Your task: In the entries below, repeat only the lines between those holding "Maraschino red, or" and "Au rez-de-chaussée, vous", inclusive. Leave pictures out.

Exercise materials:
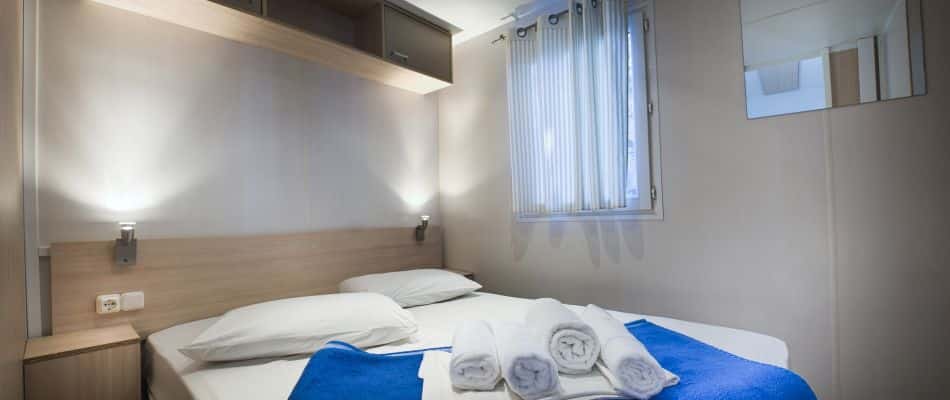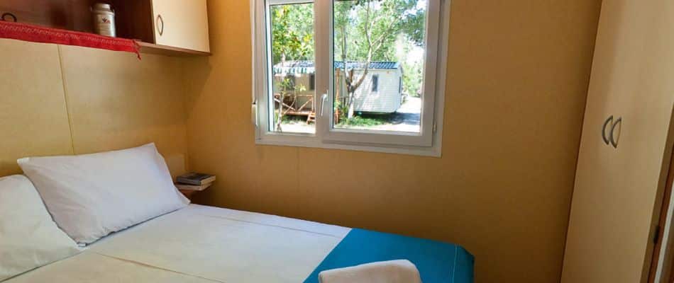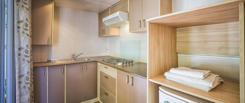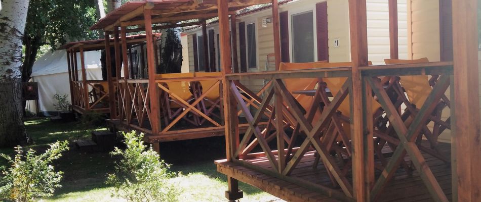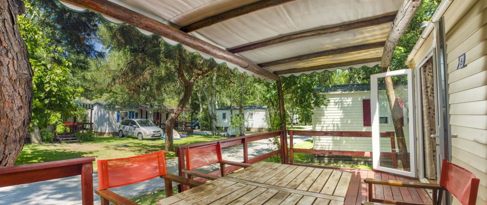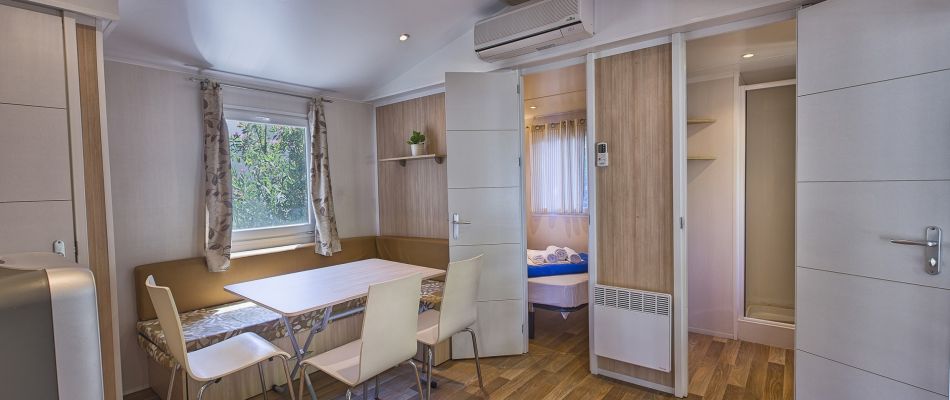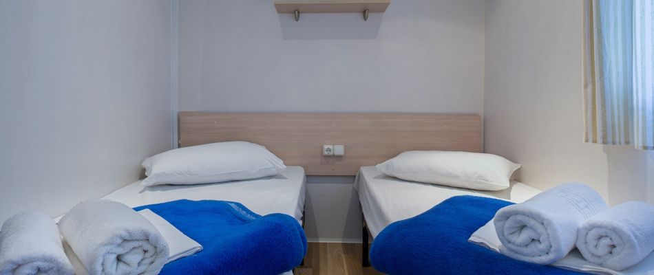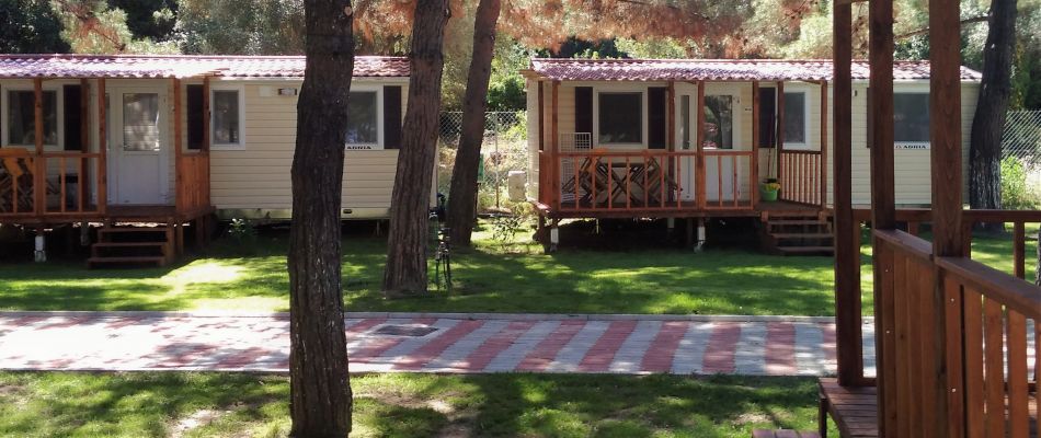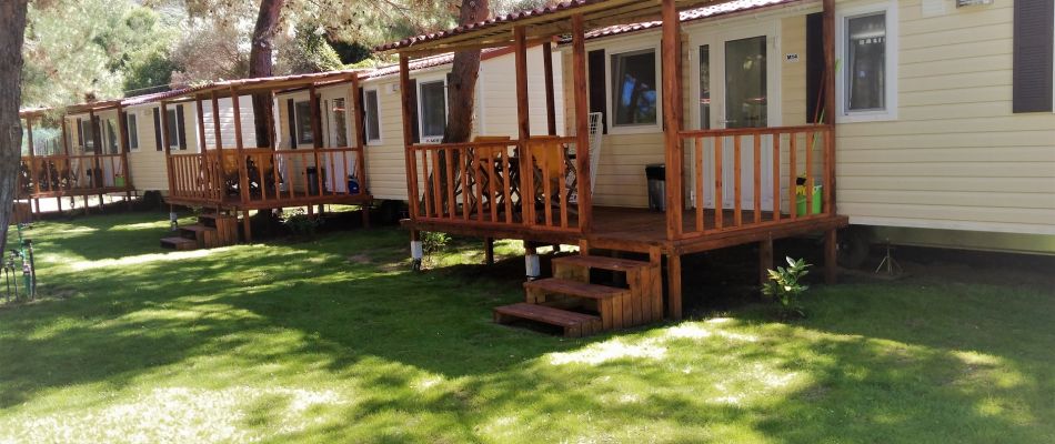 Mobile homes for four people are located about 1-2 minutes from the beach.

==

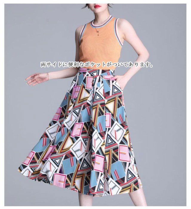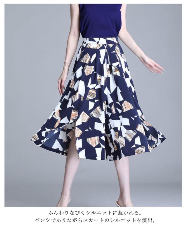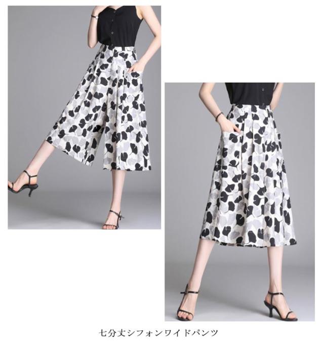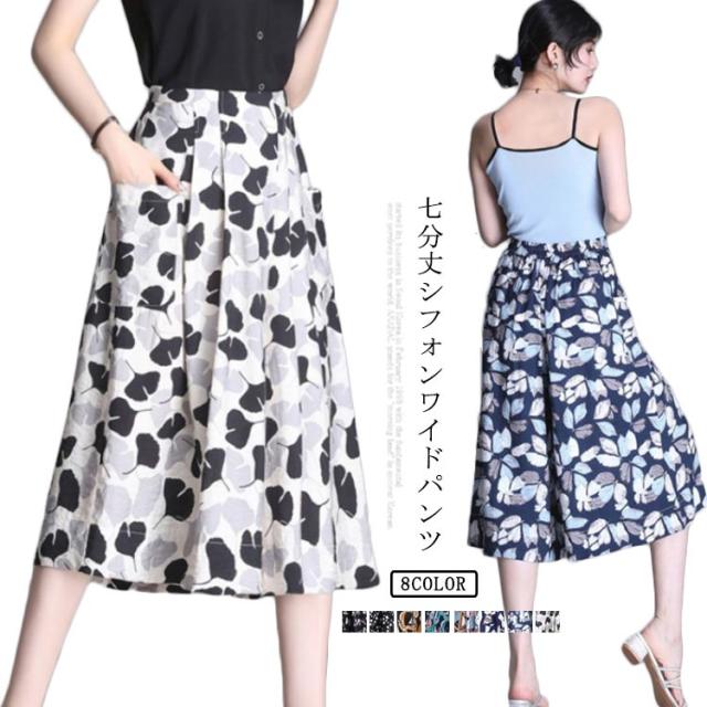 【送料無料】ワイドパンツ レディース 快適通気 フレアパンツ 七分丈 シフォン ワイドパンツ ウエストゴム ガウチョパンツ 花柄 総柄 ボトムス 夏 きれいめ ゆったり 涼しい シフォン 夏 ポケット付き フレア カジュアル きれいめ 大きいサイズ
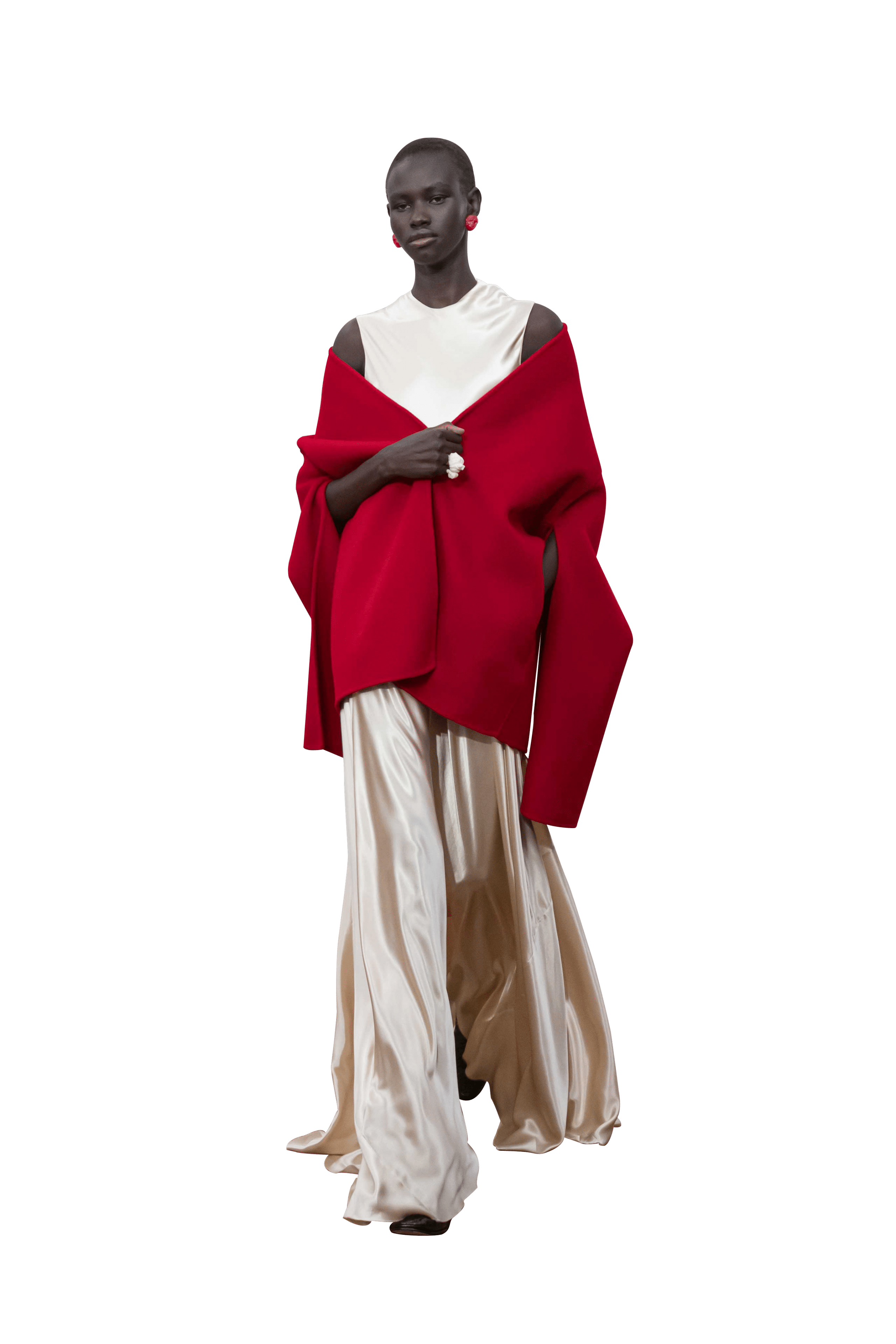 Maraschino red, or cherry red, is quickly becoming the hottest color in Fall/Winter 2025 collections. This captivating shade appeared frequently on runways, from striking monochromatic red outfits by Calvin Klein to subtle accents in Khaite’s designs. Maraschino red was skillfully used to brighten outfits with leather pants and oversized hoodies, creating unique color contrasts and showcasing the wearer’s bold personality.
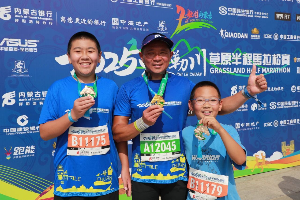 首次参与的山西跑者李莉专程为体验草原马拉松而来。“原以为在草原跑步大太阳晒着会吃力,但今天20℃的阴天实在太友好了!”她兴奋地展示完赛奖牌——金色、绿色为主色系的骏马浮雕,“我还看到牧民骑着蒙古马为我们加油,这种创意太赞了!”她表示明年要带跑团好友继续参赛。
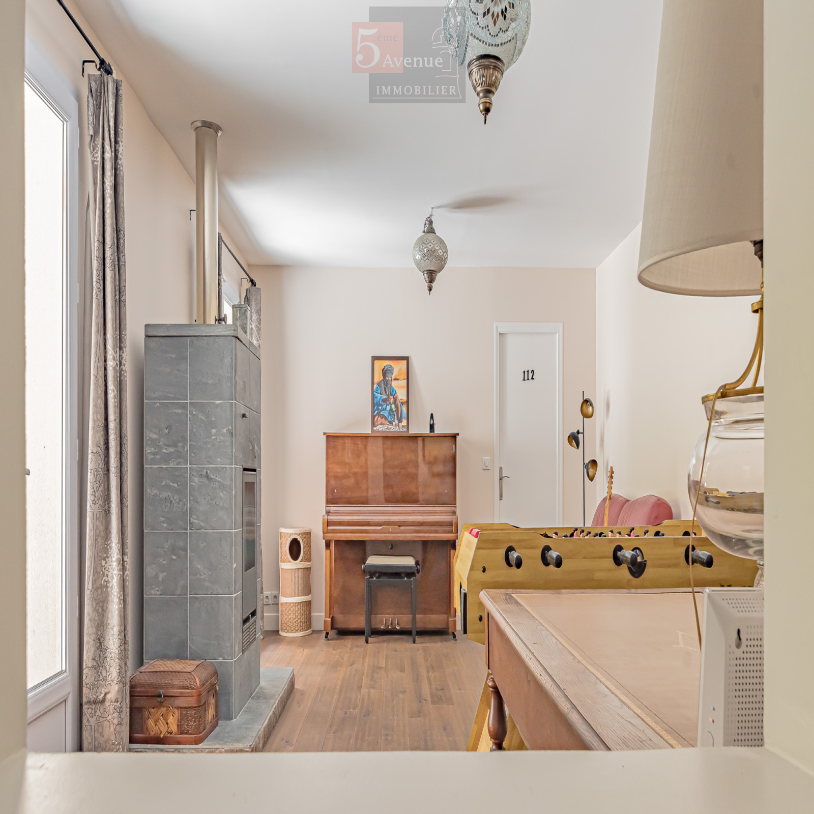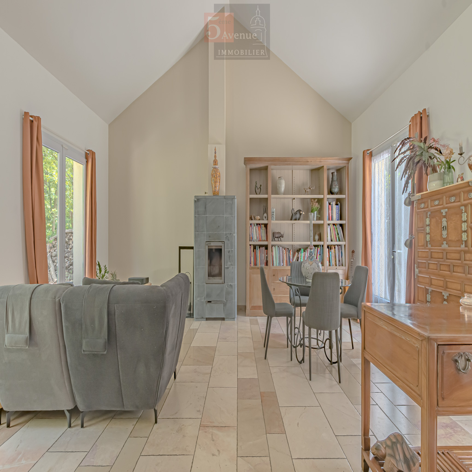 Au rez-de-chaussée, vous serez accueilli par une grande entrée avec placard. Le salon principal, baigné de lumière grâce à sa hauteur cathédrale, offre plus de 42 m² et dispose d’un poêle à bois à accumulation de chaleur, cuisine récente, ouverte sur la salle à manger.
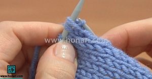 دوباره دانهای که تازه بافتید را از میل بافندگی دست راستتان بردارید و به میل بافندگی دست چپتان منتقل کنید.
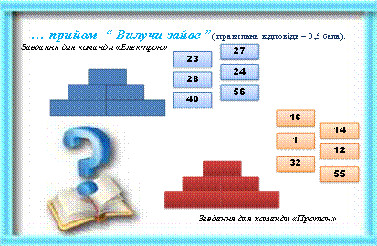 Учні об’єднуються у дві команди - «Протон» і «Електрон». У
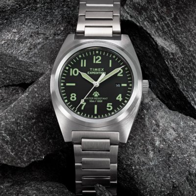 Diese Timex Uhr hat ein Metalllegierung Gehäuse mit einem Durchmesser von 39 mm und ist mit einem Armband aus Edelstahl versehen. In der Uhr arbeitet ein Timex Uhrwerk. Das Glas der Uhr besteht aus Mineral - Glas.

...

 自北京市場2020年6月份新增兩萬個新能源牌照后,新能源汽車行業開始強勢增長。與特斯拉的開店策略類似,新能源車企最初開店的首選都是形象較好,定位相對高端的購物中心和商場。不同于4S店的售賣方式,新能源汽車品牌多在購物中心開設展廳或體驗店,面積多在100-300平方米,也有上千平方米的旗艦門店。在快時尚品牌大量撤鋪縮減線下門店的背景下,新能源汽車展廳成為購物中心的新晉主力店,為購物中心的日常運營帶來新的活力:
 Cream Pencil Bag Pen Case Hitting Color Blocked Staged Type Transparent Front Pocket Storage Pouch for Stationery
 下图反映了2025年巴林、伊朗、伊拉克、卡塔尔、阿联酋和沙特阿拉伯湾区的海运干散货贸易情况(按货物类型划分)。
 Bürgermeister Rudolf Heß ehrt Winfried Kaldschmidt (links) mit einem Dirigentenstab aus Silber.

Solution to this exercise:
 Maraschino red, or cherry red, is quickly becoming the hottest color in Fall/Winter 2025 collections. This captivating shade appeared frequently on runways, from striking monochromatic red outfits by Calvin Klein to subtle accents in Khaite’s designs. Maraschino red was skillfully used to brighten outfits with leather pants and oversized hoodies, creating unique color contrasts and showcasing the wearer’s bold personality.
 首次参与的山西跑者李莉专程为体验草原马拉松而来。“原以为在草原跑步大太阳晒着会吃力,但今天20℃的阴天实在太友好了!”她兴奋地展示完赛奖牌——金色、绿色为主色系的骏马浮雕,“我还看到牧民骑着蒙古马为我们加油,这种创意太赞了!”她表示明年要带跑团好友继续参赛。
 Au rez-de-chaussée, vous serez accueilli par une grande entrée avec placard. Le salon principal, baigné de lumière grâce à sa hauteur cathédrale, offre plus de 42 m² et dispose d’un poêle à bois à accumulation de chaleur, cuisine récente, ouverte sur la salle à manger.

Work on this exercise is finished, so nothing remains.